Amanda - Selective Poetry
An Addiction (in Addition) to its Host
Propane became the drug of choice, midway
From skin it stuck to coats of varnished mourn—
A mouth dispelled, it burbled with decay
Emerging late, without his ichor, born:
Declared those angels—claimed those creatures—dry,
From tar he broke that succulent deprive,
Such swines detained leak that oppressive cry,
Experimenting merely to survive.
Research borrowed from laws ignored the brand
For gasoline so dreaded his return;
Each morsel scarfed from salivated hand
Relieved this mascot suffering such burn.
From bulging lips with sunken eyes ablow,
His breath, abating, stinks of status quo.

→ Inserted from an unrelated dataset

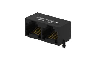 RJ45 Connector 90°Angle, 2Ports, Gold flash, Black, Non-LED,
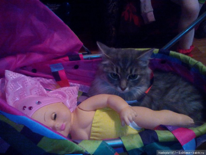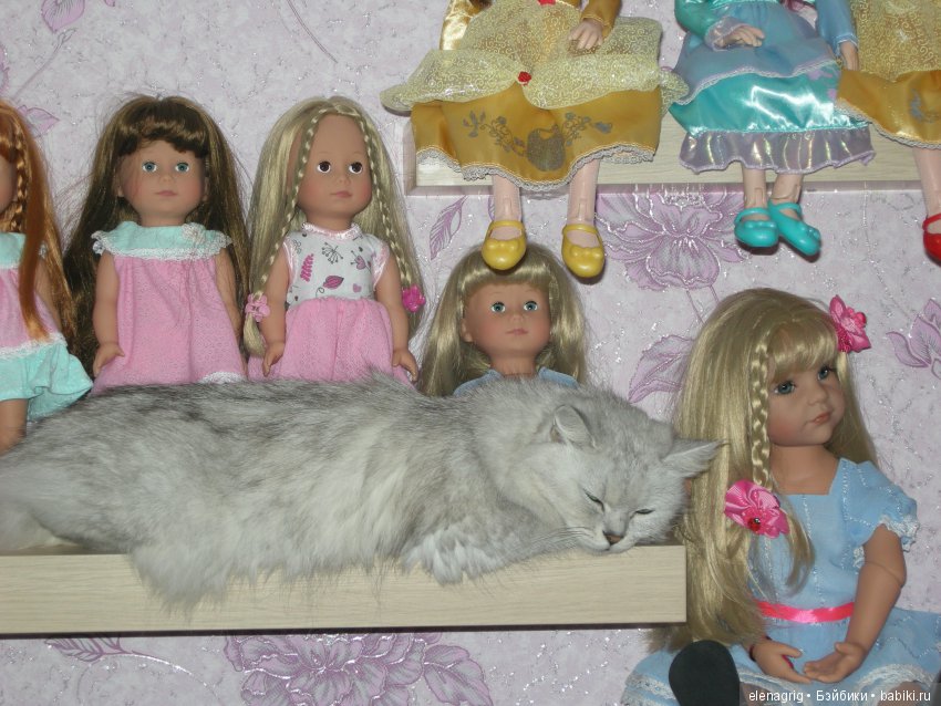 Это Ксюша, наша кошка. Ну очень любит компанию кукол!

Sticky notes on the fridge:
Tell mom you love her
I was so focused on being okay
I forgot to see my mom, today,
I forgot the way her skin felt when she let
me play with her fingers splayed over the
cotton-pilled couch watching infomercials
on cable TV, drenched in ivory
quilts, pacifiers, rice milk ice cream, and
soda water: always sunny, honey,
but I remember funny things, like the
dandelions pluming from French back doors,
poking holes in the feet, dark oak panels
cracked, supinated, sorrowed through, by the
tiny tempted twilling teeth, nuzzling
for safety, one last meal, for tomorrow’s
coming day—
I am so focused on being okay
I forget to hear what mom might say
curled on the couch, crescent moon with blue
acrylic tables in her reach, she will
complain of becoming grandma, tucking
needles and thread behind her ears sewing
my coat, acquiescing me to lay there
coddling me tight in tender twine, it’s
fine I forgot to keep the texture of
her hair freshly washed, marbling with my
skin, one million fiber counted linen:
I braid my fingers in it, I slip them
out again—
I’ll be so focused on that dread
I’ll forget to love my mom, instead.
Ask me tomorrow why we watch eclipses,
full-blown apocalypses, and aren’t afraid.
“we can be all poetic and lose our minds together”
——(the last of us)
If I tell you about the day
the sun died just to be reborn again
I don’t need you to say
it’s regrettable that it happened
I need you to hold my hand and gaze
unblinking into the grave
where my eyes have dwelt
in the shadows that came after:
I need you to reach deep
until the sucking of the void
looks real to you the way it’s real
to me, okay?
I need you to just scream with me,
to go feral in the stagnancy,
I need you to say oh my god man
that’s fucked up I need you to pick
the fragile things up and throw them off
the cliff with me, I need you to know
I’ve heard the warships crying
a hundred thousand million times,
trust me, I want you to know I’ve seen
It all, already:
I watched the sun rise one morning
just to fall back down the bend,
and I came out on the other side
more or less alive again.
So I’m okay to grab in the silence
I know how to hold you up, keep you steady
I’ve lost my mind to the science
at least a billion times already
and it’s okay for you to do it, too, I need
you to tell me let’s just fucking
go insane, let’s tear shit up, let’s build a plane
from the ground up just to prove we can fly
no matter what happened to us today.
Because what else do you do
when the sun goes down?
we trust, without proof,
that it will rise back up again.
And I need to know I’m not alone, soaking in the dark
I need to know there’s someone with me
in the home I built to see the sun on the dawn
it died for the trillionth time and was replaced——
so if I tell you about the day
that I saw the sun defaced,
I want you to know that nothing has changed
it’s just a little furniture that got rearranged,
and I need you to just go rabid together forever
with me,
Okay?
Name: Amanda Borgmann
Bio: Amanda Borgmann is a creative writing major in her final semester. When she isn't writing or editing, she can be found trying to teach her and her partner's elderly Boston Terrier new tricks.